Even before the coronavirus outbreak, some of Oyo’s Chinese operators were unhappy with the company. Oyo signed up some hoteliers by guaranteeing them a certain amount of monthly revenue, regardless of how many guests they booked. Lately, Oyo has reportedly slashed those guarantees, angering its hotel operators, some of whom have protested outside Oyo’s China headquarters in Shanghai, demanding compensation for lost income and telling the company to “get out of China” (link in Chinese.)
Oyo entered the China market in November 2017. The company says on its website that it had signed up 19,000 hotels (link in Chinese) in 2,000 Chinese cities and provinces as of last December, which it said made it China’s second-largest hotel chain.

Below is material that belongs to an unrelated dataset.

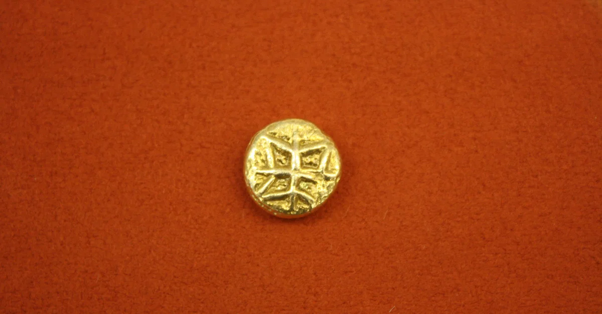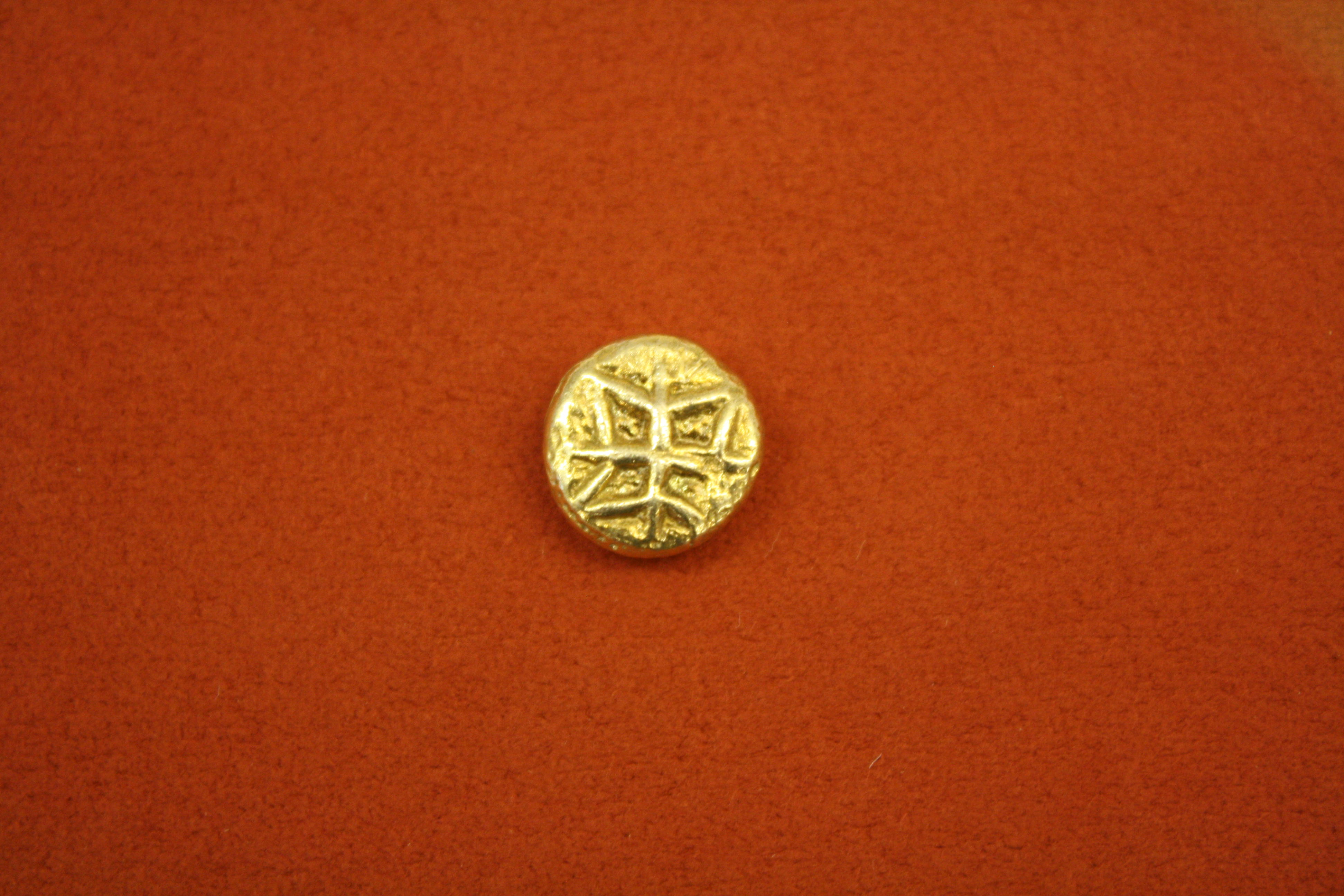 A third of a stater in electrum from either Ionia or Lydia, ca 600 BCE. O: Geometric motif. (R: Incuse oblong).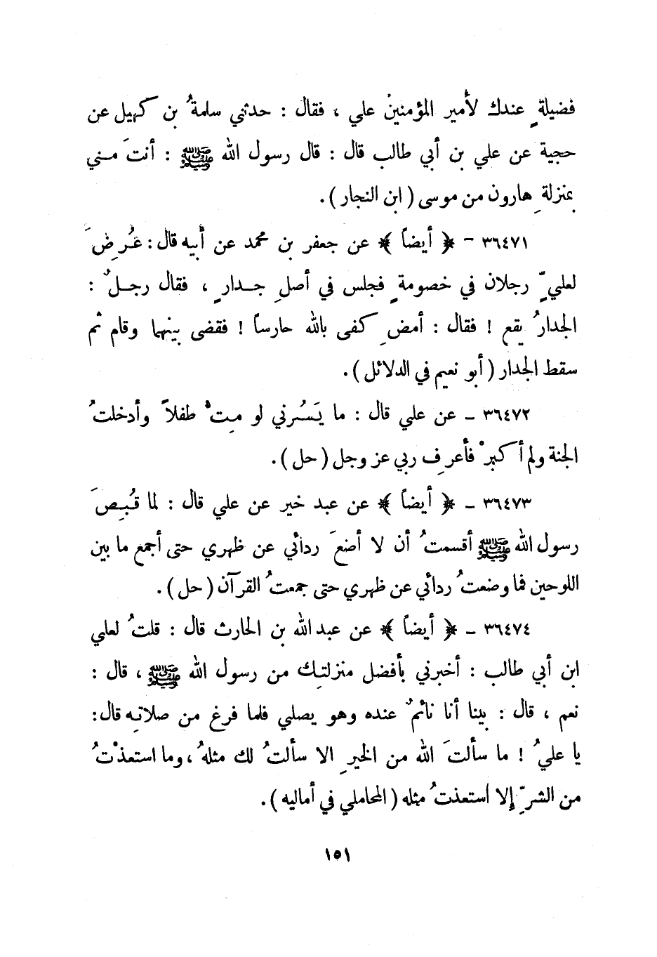 36474- "أيضا" عن عبد الله بن الحارث قال: قلت لعلي بن أبي طالب: أخبرني بأفضل منزلتك من رسول الله صلى الله عليه وسلم، قال: نعم، قال: بينا أنا نائم عنده وهو يصلي فلما فرغ من صلاته قال: يا علي! ما سألت الله من الخير إلا سألت لك مثله، وما استعذت من الشر إلا استعذت مثله. "المحاملي في أماليه".

Similar to how it operates in India, Oyo in China partners with low-cost hotels, refurbishes them, and provides services like listings on its app and website, in exchange for a cut of their revenues. Oyo has said its exact business model varies between hotels and by market: in some cases it takes a cut of revenue, in others it charges performance-based fees to the hotelier.
Oyo introduced the revenue guarantees in China last June in a bid to accelerate growth and fend off fierce competition from other Chinese hotel chains. Oyo said it would guarantee monthly income to hotels if it could set their room rates, among other requirements, and only take a commission on the share of revenue that exceeded the guarantee.
The scheme helped attract hoteliers, but many have since complained that Oyo under-prices rooms to increase occupancy, according to Sina Tech. Some operators also say the company has changed the commission-free amount it guarantees without notice.
The company has previously said it doesn’t expect to turn a profit in India or China until 2022. But last month, those plans were probably placed on ice when, with losses jumping and coronavirus spreading, Oyo said that it was pausing expansion.